For Good Measure: Understanding how square footage is calculated in your lease

One of the complexities tenants face when entering into an office lease involves understanding the measurement of their space for the purpose of calculating rent. While this might seem like a simple square-footage calculation, it’s usually anything but. In multi-tenant buildings, the number of square feet tenants “rent” is higher than the number of square feet they “use,” typically by as much as 7 to 20 percent.

Here I will explain the methodology behind different square footage calculations to help you make better-informed leasing decisions.
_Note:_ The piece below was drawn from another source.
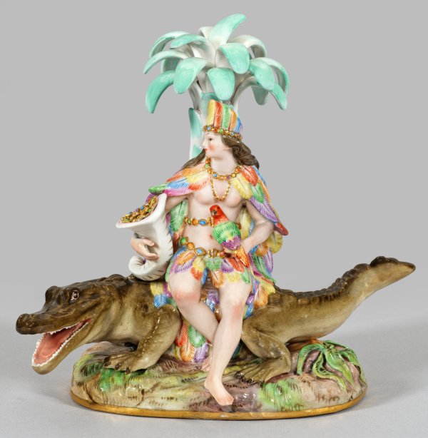 aus der Serie "Vier Erdteile". Naturalistisch gestalteter Sockel. Auf einem Krokodil sitzende Indianerin mit langem Federumhang und Lendenschurz sowie reichem Federschmuck, den Kontinent Amerika personifizierend. In der rechten Hand ein mit Juwelen gefülltes Horn tragend. Polychrome Malerei mit Goldstaffage. Entw. Johann Joachim Kaendler. Modell-Nr. 757. Unw. rest.; Schwertermarke. H. 18 cm.

Useable square feet vs. rentable square feet


The useable square footage (USF) of an office suite is the space a tenant occupies. In most cases, this area is calculated as if interior walls and columns don’t exist. A tenant’s rentable square footage (RSF) is the USF plus a portion of the building’s shared or “common areas,” including lobbies, restrooms, hallways, telephone and electrical rooms, and perhaps shared conference rooms, workout facilities and showers. Landlords require tenants to pay for their proportionate share of common areas and therefore the monthly rent is always calculated on RSF.
The difference between the RSF and USF is referred to variously as the “load factor,” “loss factor,” “common area factor,” or “add-on factor.” Expressed as a ratio, a building’s load factor is calculated by dividing the RSF by the USF.

Load Factor = Rentable square feet (RSF) / Usable square feet (USF)

For example, a building measuring 200,000 square feet with 25,000 square feet of common area would contain 175,000 USF, and therefore have a load factor of 1.143. One could also say the building has a load factor of 14.3 percent.

When evaluating office space options, tenants should compare load factors. Landlords or their representatives should be able to provide these numbers. A lower factor is indicative of a more “efficient” building, giving the tenant more useable space for the rental dollar. However, if a more elaborate office environment with more spacious common areas is desired, a high load factor (as much as 20% or higher) could be acceptable.

Industry standards


Further complicating a tenant’s leasing decision is the fact that methods used by landlords to calculate USF and RSF can vary, making apples-to-apples comparisons difficult. In most U.S. cities, USF and RSF are calculated in accordance with standards established by the Building Owners and Managers Association (BOMA).

The lease proposals tenants request and the eventual lease agreements they sign should list both USF and RSF for the suite and the entire building, as well as specify that the BOMA standard has been used in calculating these measurements. I recommend that it be precisely spelled out as: “The Standard Method for Measuring Floor Area in Office Buildings published by the Building Owners and Managers Association International and approved by the American National Standards Institute, Inc., ANSI/BOMA Z65.1-2010.” Also acceptable is the “1996 BOMA Office Standard, ANSI/BOMA Z65.1-1996,” which is still used by many landlords.

To understand the slight variations between the two methods and determine which might be most advantageous in a given situation, tenants should consult a tenant-representative broker or a licensed architect.

Tenants should be very cautious about agreeing to methods of measurement other than the BOMA standard or any “modified” version of the BOMA standard. To do so allows the landlord full control over what is included or not included in the measurements.


Trust, but verify


Even when the BOMA standard is used, it is wise to have a tenant-representative broker or a licensed architect review the calculations and associated floor plans to ensure that BOMA standards have been properly applied to the characteristics of the building. It’s not uncommon to find “grey” areas where some negotiation is warranted. When dealing with a large office lease—or if there is doubt concerning the accuracy of measurements provided by the landlord—tenants should consider having an architect take it one step further by field-measuring the space before they sign a lease.
Tenants considering leasing commercial space outside the United States face extra complexity. The consistency and transparency offered by the BOMA standard do not exist in most countries. In 2014, an international group of organizations developed and implemented global standards for measuring real property—the International Property Measurement Standard (IPMS)—but it will take more time before this is implemented widely.

Sum it up


Most tenants, and even a good number of landlord representatives, don’t fully understand the intricacies of determining RSF, and yet variations can lead to large differences in the amount of rent tenants pay—as much as $100,000 over the five-year life of a 25,000 RSF lease. In this and all other aspects of commercial real estate leases, it pays to make the extra effort to understand exactly what you’re paying for and exactly what you’re getting in return.

The next time you sign a new lease or negotiate an extension to your current lease, consider retaining a tenant-representative broker who understands the complexities of commercial leases and can help you achieve the lowest costs and greatest benefits from your office space.